Lidocaine as treatment for neonatal seizures: Evaluation of previously developed population pharmacokinetic models and dosing regimen

Aims Lidocaine is used to treat neonatal seizures refractory to other anticonvulsants. It is effective, but also associated with cardiac toxicity. Previous studies have reported on the pharmacokinetics of lidocaine in preterm and term neonates and proposed a dosing regimen for effective and safe lidocaine use. The objective of this study was to evaluate the previously developed pharmacokinetic models and dosing regimen. As a secondary objective, lidocaine effectiveness and safety were assessed. Methods Data from preterm neonates and (near‐)term neonates with and without therapeutic hypothermia receiving lidocaine were included. Pharmacokinetic analyses were performed using non‐linear mixed effects modelling. Simulations were performed to evaluate the proposed dosing regimen. Lidocaine was considered effective if no additional anticonvulsant was required and safe if no cardiac adverse events occurred. Results Data were available for 159 neonates; 50 (31.4%) preterm and 109 term neonates, of whom 49 (30.8%) were treated with therapeutic hypothermia. Lidocaine clearance increased with postmenstrual age by 0.69%/day (95% confidence interval 0.54–0.84%). During therapeutic hypothermia (33.5°C), lidocaine clearance was reduced by 21.8% (7.26%/°C, 95% confidence interval 1.63–11.2%) compared to normothermia (36.5°C). Simulations demonstrated that the proposed dosing regimen leads to adequate average lidocaine plasma concentrations.
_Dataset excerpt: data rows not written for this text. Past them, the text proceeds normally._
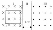 9 (15分)如图所示,Ⅰ、Ⅲ为两匀强磁场区,Ⅰ区域的磁场方向垂直面向里,Ⅲ区域的磁场方向垂直纸面向外,磁感应强度均为B,两区域中间为宽L/2的无磁场区Ⅱ,有一边长为L,粗细均匀各边电阻为R的正方形金属框abcd置于区域ab边与磁场边界平行,现拉着金属框以速度v水平向右匀速移动.
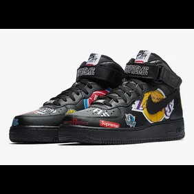 The Supreme x NBA x Nike Air Force 1 Mid will reportedly release in two separate colorways, white and black, both of which feature several NBA logos on the upper, similar to those unforgettable baggy denim jeans and jackets.
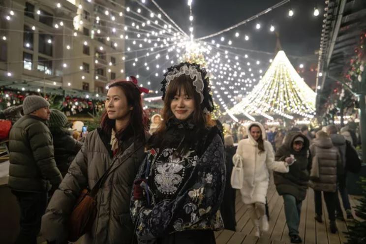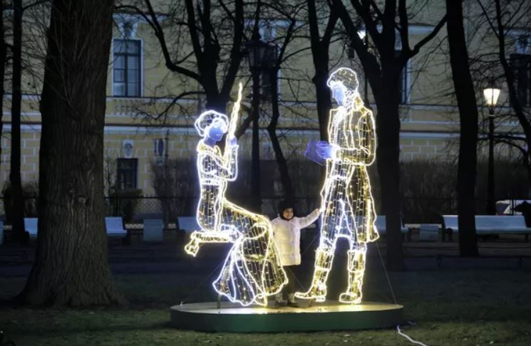 Để đón chào Năm Mới, các thành phố của Nga trang hoàng đường phố bằng đèn rực rỡ, cây thông xanh và vô vàn tác phẩm nghệ thuật lễ hội.
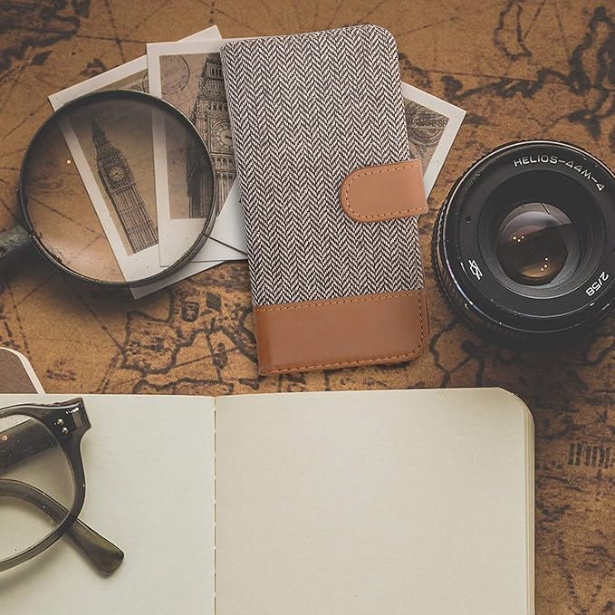 クールなプロテクション: 手帳型スマホカバーは、スマートフォンを保護して汚れや傷、衝撃から守ります。リネン風の生地と合皮レザーのコラボレーションで、あなたのスマホをスタイリッシュにプロテクト。
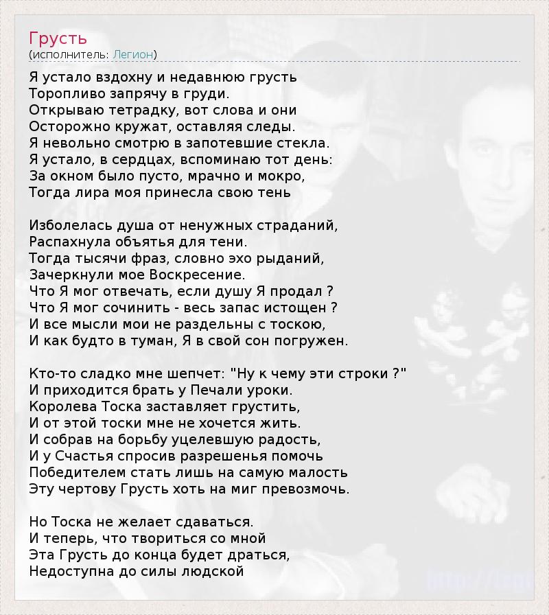 Легион - Грусть http://megalyrics.ru/lyric/%D0%BB%D0%B5%D0%B3%D0%B8%D0%BE%D0%BD/%D0%B3%D1%80%D1%83%D1%81%D1%82%D1%8C.htm#ixzz1xxjF0bE2
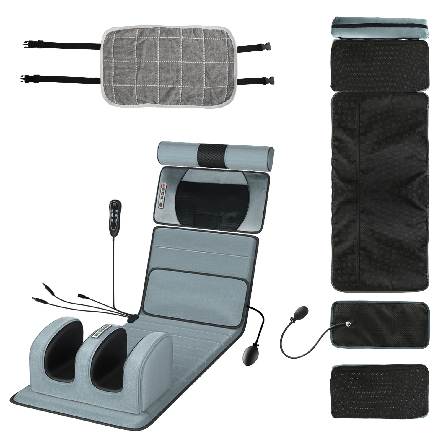 * The neck massage, foot massage, head pillow, and inflatable lumbar pillow can be used individually. Just zip off the zippers on the neck, massage, foot massage, and head pillow to detach it from the full body massage mat.
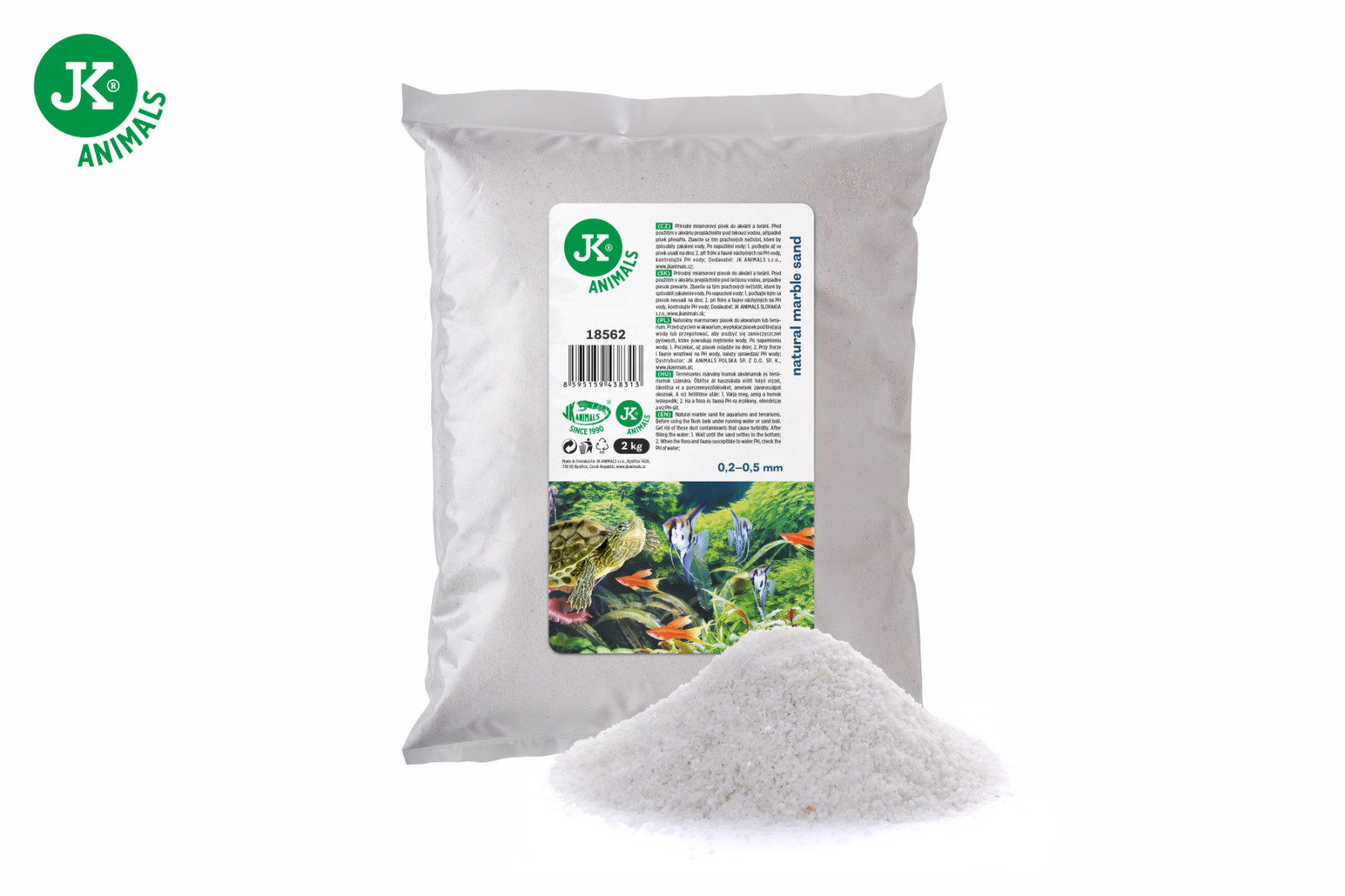 Přírodní mramorový písek do akvárií a terárií. Balení 2 kg. Frakce 0,2–0,5 mm.
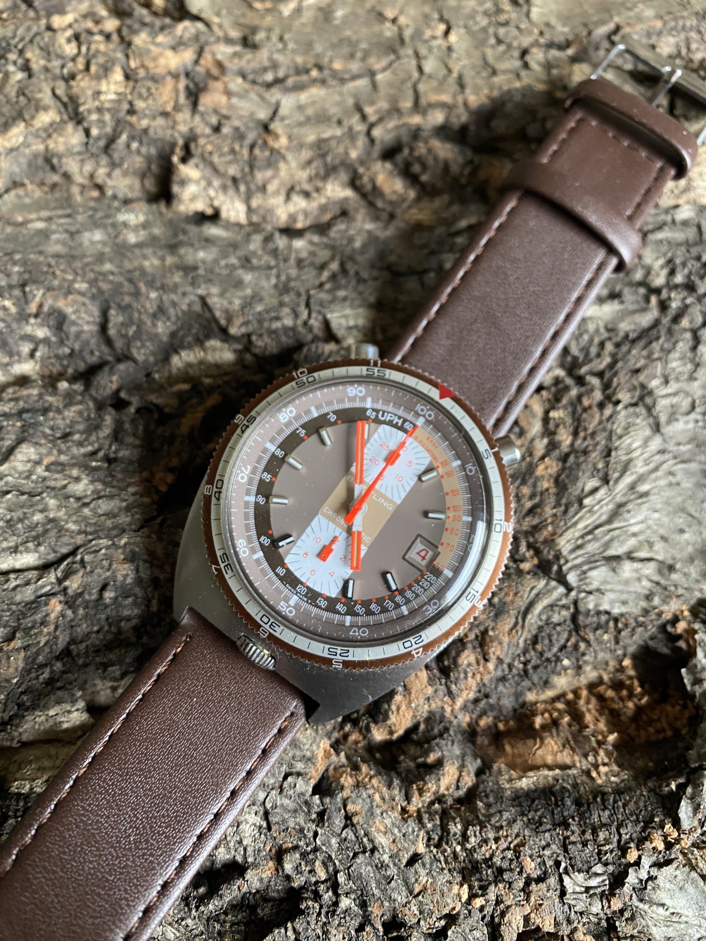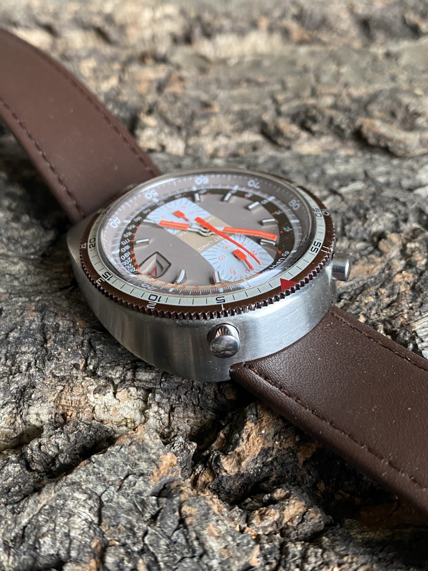 The watch offered here is completely authentic and not a rewinding as is very common on the « Bullhead ». It is in perfect aesthetic and working condition.
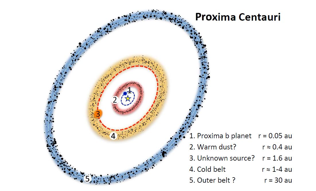 Zweifelsfrei nachgewiesen werden konnte ein Ring aus Staub der den Stern in etwa der ein- bis vierfachen Distanz umgibt in der die Erde unsere Sonne umkreist. Das entspricht der 20 bis 80fachen Distanz die der Planet Proxima Centauri b von seinem Stern hat. Man kann diesen Staubring also ungefähr mit dem Kuipergürtel des Sonnensystems vergleichen. Und so wie es in unserem Kuipergürtel ziemlich kalt ist und die Asteroiden dort extreme Eiswelten sind, ist es auch im Asteroidengürtel von Proxima recht frisch: Die Infrarotstrahlung die von ALMA beobachtet wurde weist auf Temperaturen von -230 Grad Celsius hin.
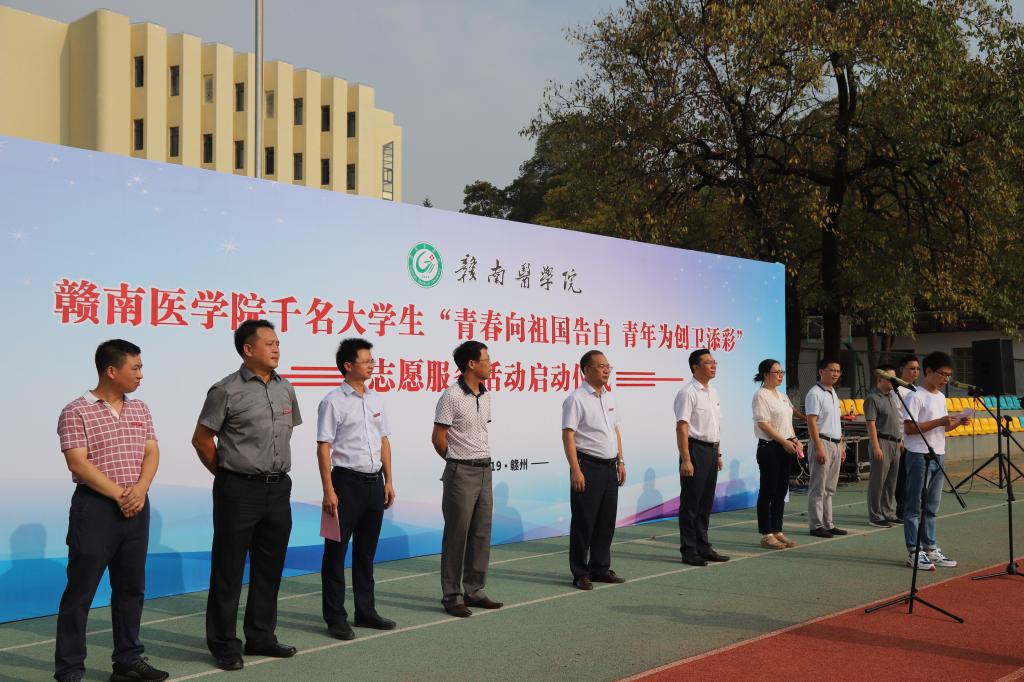 9月15日上午,学校党委副书记曾泽鑫、党委委员、副校长叶军明,党委宣传部、学工部(处)、校团委、后勤服务集团等部门负责人,以及相关二级学院分管领导及1000余名赣医学子在章贡校区运动场签名宣誓,开展以“青春向祖国告白 青年为创卫添彩”为主题的创建国家卫生城市文明实践志愿服务活动,以实际行动践行社会主义核心价值观,向即将到来的中华人民共和国成立70周年国庆日献礼。
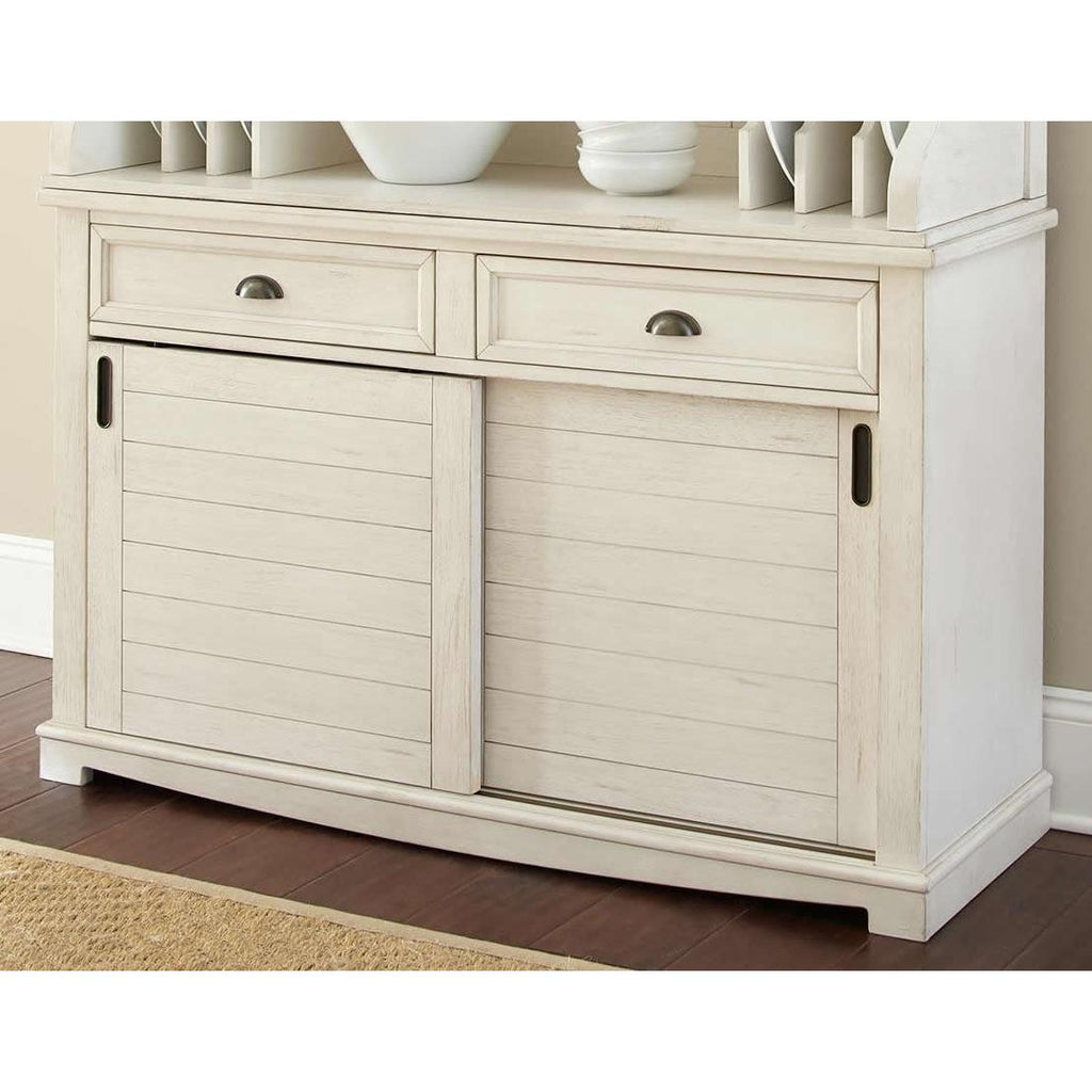 • Horizontal planked sliding doors with one adjustable shelf in each cabinet
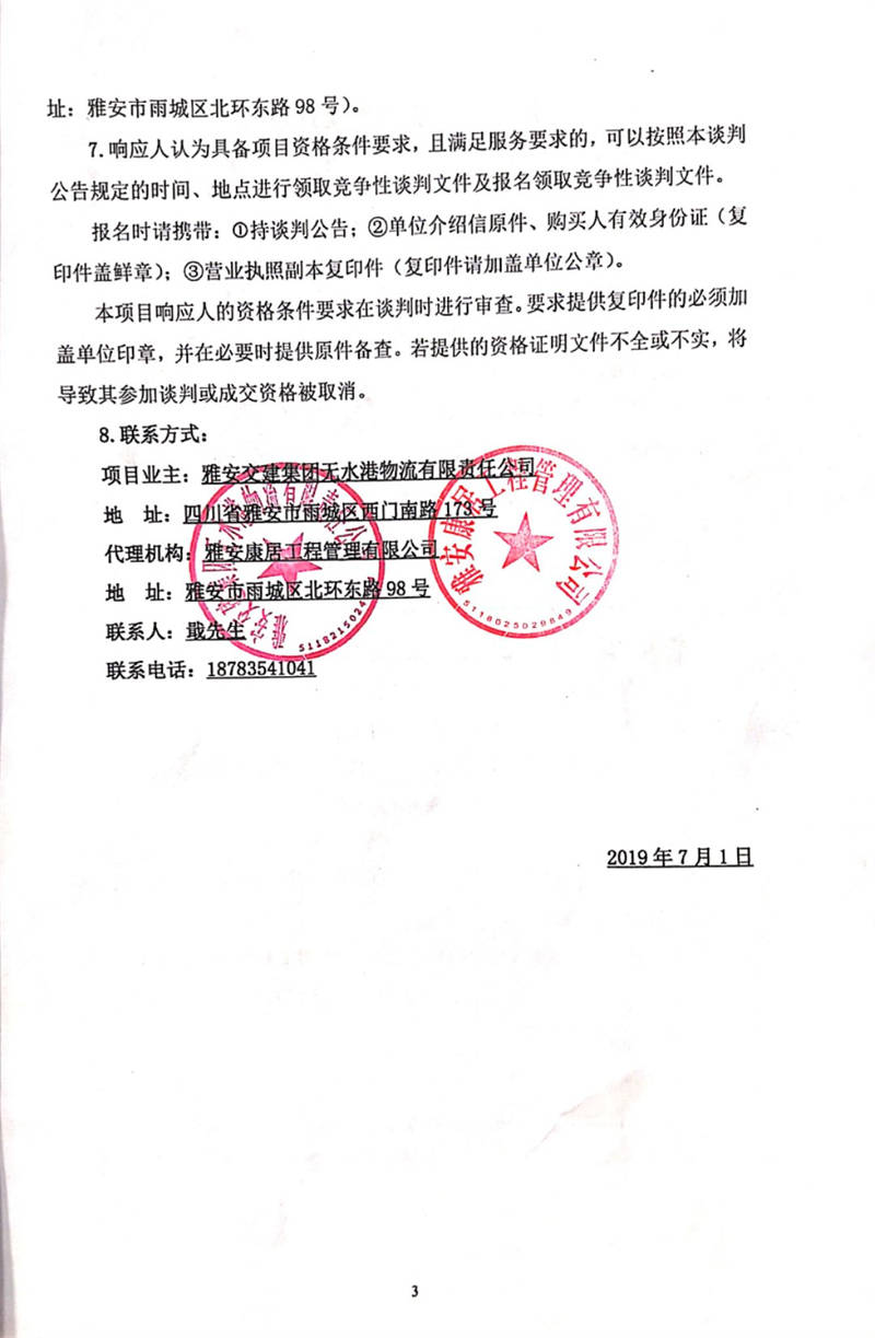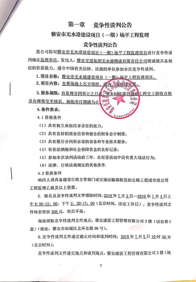 雅安交建集團(tuán)無水港物流有限責(zé)任公司雅安市無水港建設(shè)項(xiàng)目(一期)場平工程監(jiān)理競爭性談判公告
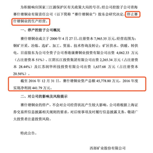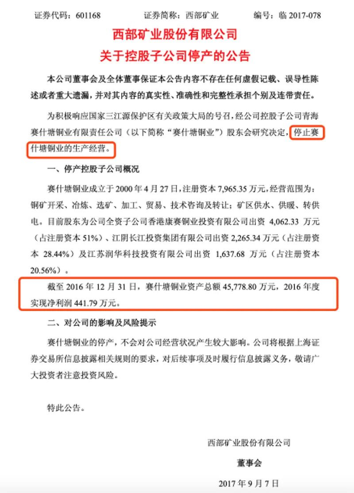 根据西部矿业于2017年9月7日披露公告,为积极响应国家三江源保护区有关政策大局的号召,经公司控股子公司赛什塘铜业股东会研究决定,停止赛什塘铜业的生产经营。
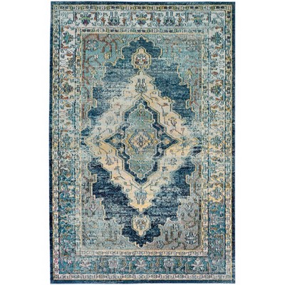 The color palette of this stunning rug features a harmonious blend of orange and light blue, creating a warm and inviting atmosphere in any room. The intricate design pattern, inspired by the image provided, showcases a detailed medallion centerpiece surrounded by ornate borders, embodying the essence of transitional style, a seamless blend of classic motifs with a contemporary twist.
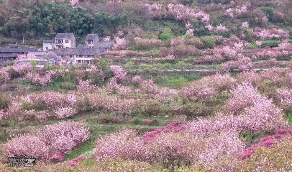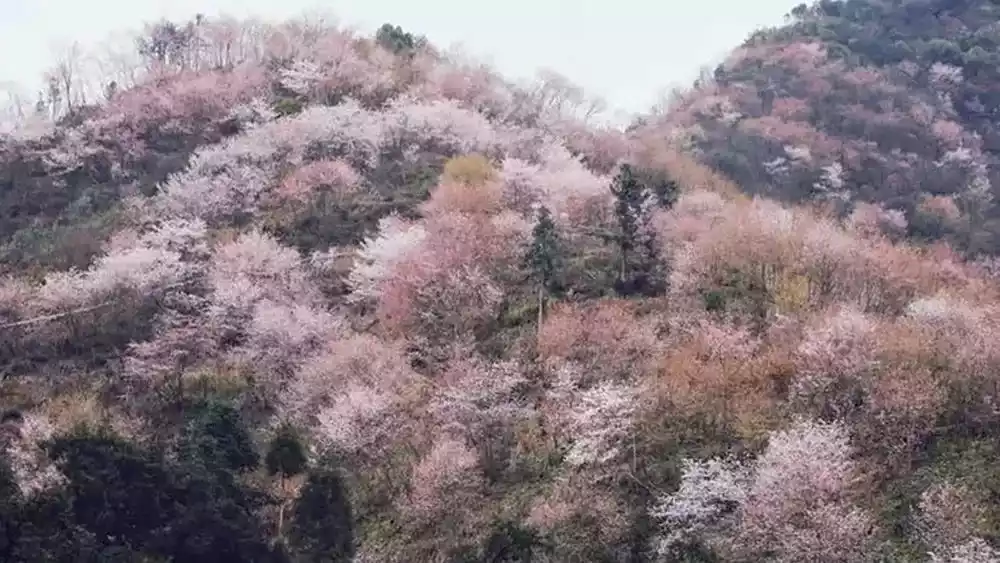 The cherry blossoms at Yoshino Mountain in Chun'an County are all natural mountain cherry blossoms. There is a 2-kilometer-long hiking trail here, also known as the "Sakuragi Flower Road."
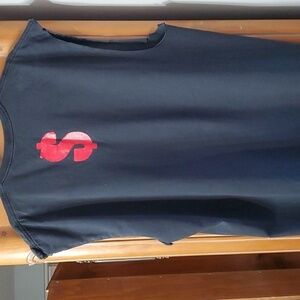 Crime pays black tee shirt. Size large. RED letters. Cut off raw sleeves.
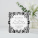 Invitación formal de boda o evento especial en blanco y negro con fondo floral de chintz.

Effectiveness and safety were assessed in 92 neonates. Overall effectiveness was 53.3% (49/92) and 56.5% (13/23) for neonates receiving the proposed dosing regimen. No cardiac toxicity was observed. Conclusion Lidocaine pharmacokinetics was adequately described across the entire neonatal age range. With the proposed dosing regimen, lidocaine can provide effective and safe treatment for neonatal seizures.